Les collections muséales de Lozère : conservation préventive et curative

Depuis septembre 2000, le Conseil départemental de la Lozère a créé une conservation départementale, composée aujourd’hui de 3 personnes. En parallèle de l’inventaire patrimoine culturel du mobilier public du territoire départemental (cela concerne essentiellement les biens des communes dont les objets religieux conservés dans les édifices cultuels mais aussi le mobilier hospitalier, industriel…) et pour accompagner les communes propriétaires dans la gestion de ces objets, le Département a mis en place un programme de conservation curative et préventive (traitements insecticide du mobilier en bois non polychrome, rangement des ornements liturgiques et objets d’art, conditionnement des œuvres selon les normes de conservation préventive) a été mis en place. Le patrimoine mobilier privé peut aussi être concerné mais seulement à la demande du propriétaire.

C’est la qualité du travail réalisé dans les édifices cultuels qui a motivé la mise en place d’interventions de conservation curative et préventive sur les collections muséales. Elles consistent en un travail en régie directe, c’est-à-dire assuré par un agent du Département sur les objets des collections muséales du département. Il ne se substitue pas à l’intervention de conservateurs-restaurateurs spécialisés mais consiste en un nettoyage, une conservation curative (contre les insectes, les moisissures…) et un conditionnement systématique des objets aux normes de conservation préventive.
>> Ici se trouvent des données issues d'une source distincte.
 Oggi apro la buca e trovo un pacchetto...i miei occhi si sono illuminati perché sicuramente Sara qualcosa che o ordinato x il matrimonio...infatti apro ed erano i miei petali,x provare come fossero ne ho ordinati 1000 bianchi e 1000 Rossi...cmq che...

Les collections du musée Ignon-Fabre, aujourd’hui musée du Gévaudan, ont été les premières à bénéficier de ce travail (2008-2013), puis ce sont les objets de l’écomusée du Mont-Lozère, appartenant au Parc national des Cévennes (2018-2020) qui ont été traités. En 2021, ce même travail a été mené pour la collection de squelettes de chevaux de Przewalski de l’association TAKH à Hures-la-Parade. Et depuis, ces mêmes interventions sont menées pour la collection Numa-Bastide, propriété de la commune de Saint-Germain-de-Calberte.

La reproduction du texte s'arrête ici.